Makin banyak ikatan rangkap dua yang terkonjugasi (isopren) dalam

molekul, pita serapan utama lebih tinggi, sehingga warnanya semakin merah.

Diperlukan minimum tujuh ikatan rangkap terkonjugasi sebelum warna kuning

yang dapat diserap timbul (deMan, 1997).

b. Rendemen

Rendemen minyak atsiri jahe emprit pada penelitian ini adalah 1,028%,

berdasarkan BSN, 1998 mengenai standar minyak jahe (SNI-06-1312-1998) tidak

dicantumkan standar mengenai rendemen namun jika dibandingkan dengan

59

penelitian terdahulu (rukmana, 2000) nilai tersebut masih memenuhi standar nilai

yaitu sebesar 1-3%.

Rendemen minyak atsiri dipengaruhi oleh banyak faktor, seperti tempat

tumbuh, perlakuan atau keadaan sampel, iklim, intensitas cahaya, jenis

tanamannya dan yang paling penting juga adalah kondisi/alat penyulingannya jika

alat mengalami kebocoran uap maka minyak atsiri juga akan menguap sehingga

dapat mengurangi nilai rendemennya, karena minyak atsiri itu sendiri adalah

minyak yang sifatnya mudah menguap pada suhu kamar.
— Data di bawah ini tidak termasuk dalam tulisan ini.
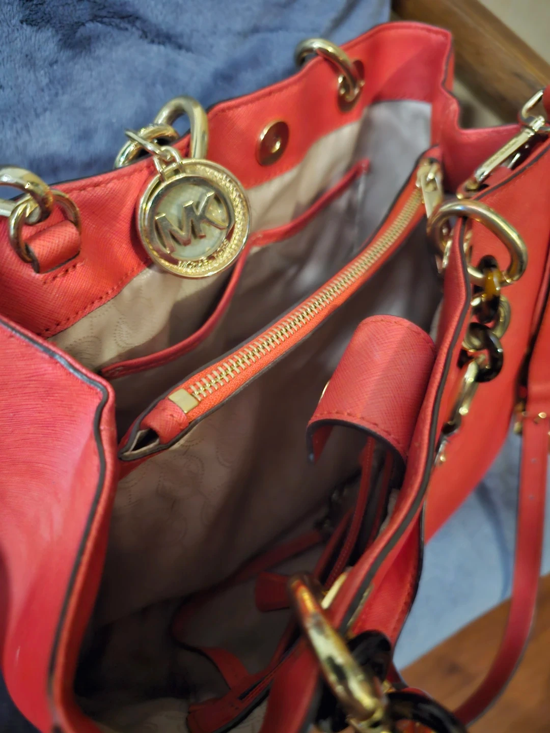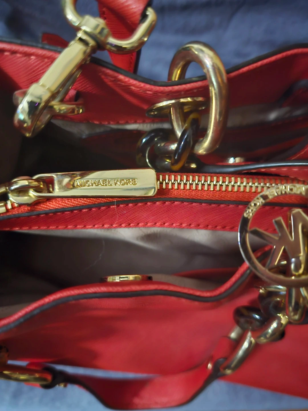 This Michael Kors satchel is made of red Saffiano leather. It features gold-tone hardware and a removable crossbody strap. Interior includes multiple pockets.
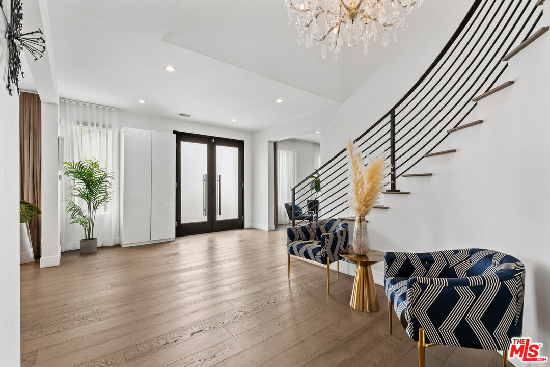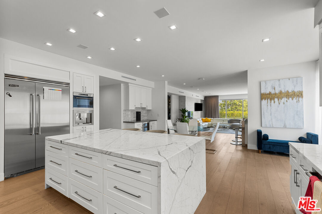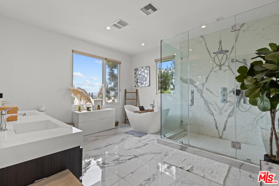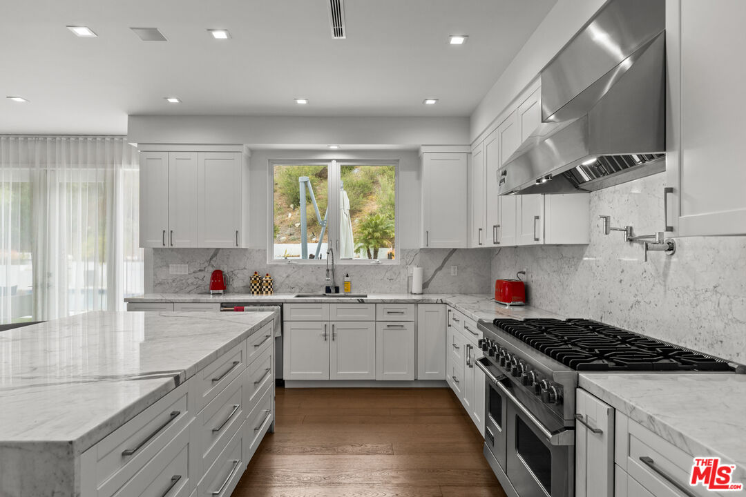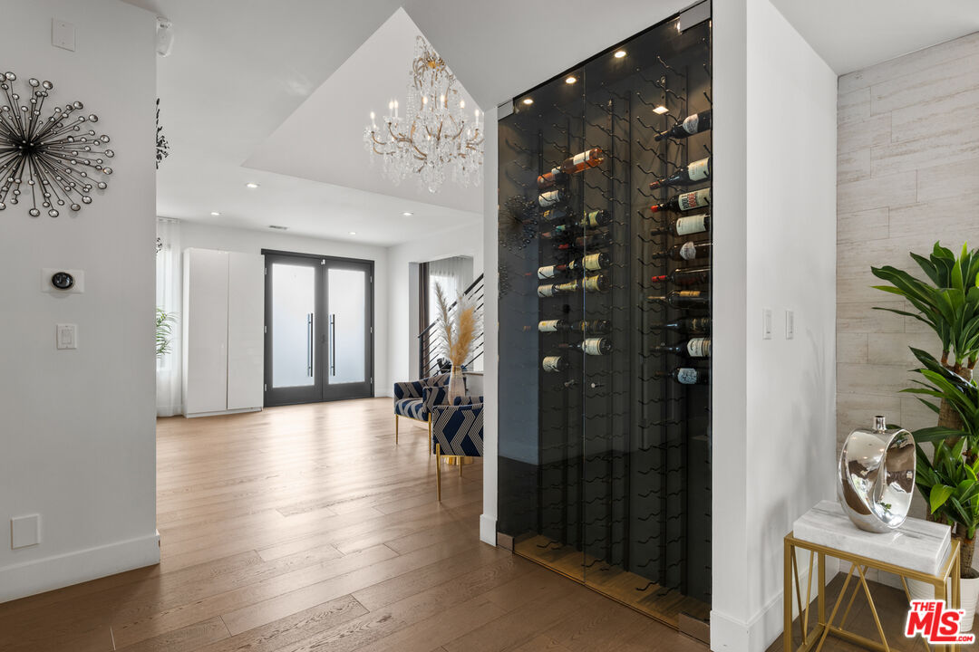 Experience modern luxury at its finest at 4020 Alonzo Avenue, a striking contemporary masterpiece tucked away on a private hillside in Encino. Offering sweeping panoramic views of the city skyline and majestic mountains, this residence is the epitome of elevated living. From the moment you enter, the grand foyer with soaring ceilings and exquisite flooring sets the tone for the home's sophisticated ambiance. Expansive living spaces flow effortlessly, anchored by a dramatic fireplace and framed by oversized windows that bathe the interiors in natural light. Custom drapery and floor-to-ceiling glass walls enhance the home's seamless connection to its breathtaking surroundings.The living room opens gracefully into a refined family room, featuring a second fireplace and an inviting setting for both intimate gatherings and relaxed evenings. The chef's kitchen is a true culinary showpiece, appointed with professional-grade Viking appliances, sleek marble countertops, a generous island for casual dining, and an integrated surround sound system that elevates every experience. An adjacent formal dining room, illuminated by designer lighting, provides the perfect backdrop for elegant entertaining. For the connoisseur, a temperature-controlled wine cellar offers a sophisticated touch, ideal for hosting and showcasing your collection. Thoughtful conveniences such as a central vacuum system blend luxury with effortless functionality. With the maids room on the first level, the private primary suite, situated on the second floor, is a sanctuary unto itself featuring dual walk-in closets, a spa-inspired bath with double vanities, a soaking tub, and an expansive walk-in shower. Wrap-around balconies and a private deck extend the suite's living space outdoors, providing the perfect retreat to take in the mesmerizing views. Four additional en-suite bedrooms, each with private balcony access, ensure comfort and privacy for family and guests. The upstairs decks invite serene mornings with coffee or enchanting evenings under the stars. Outdoors, a private resort-like oasis awaits with a sparkling pool, lush landscaping, and a built-in BBQ area that seamlessly blends into the natural beauty of the hillside setting. Whether hosting lavish events or enjoying quiet weekends at home, the backdrop of city lights and rolling mountains creates an atmosphere of unrivaled serenity. Meticulously designed for those who demand the best, 4020 Alonzo Avenue offers a lifestyle of modern sophistication, comfort, and exclusivity in one of Encino's most coveted enclaves.Interested in this Listing?

Begitu juga dengan

model penyulingan yang digunakan, model penyulingan yang dapat memberikan

nilai rendemen yang tinggi adalah model penyulingan uap langsung (Ulfah dan

Karsa, 2007). tetapi karena alat yang tersedia hanya model penyulingan perebusan

dengan air dan model tersebut memang cocok/sesuai dengan jenis sampel/bahan

penelitian yang digunakan maka model tersebut yang digunakan pada penelitian

ini.

c. Bobot jenis

Pada penelitian ini didapatkan nilai bobot jenis sebesar 0,883 gram/cm3,

nilai tersebut masih sesuai dengan nilai standar dari BSN yaitu sebesar 0,877

sampai 0,889 gram/cm3. Bobot jenis sering digunakan sebagai salah satu kriteria

untuk menentukan kualitas dan kemurnian minyak atsiri yang diuji. Bobot jenis

dipengaruhi oleh senyawa yang terkandung di dalam minyak atsiri yang diuji.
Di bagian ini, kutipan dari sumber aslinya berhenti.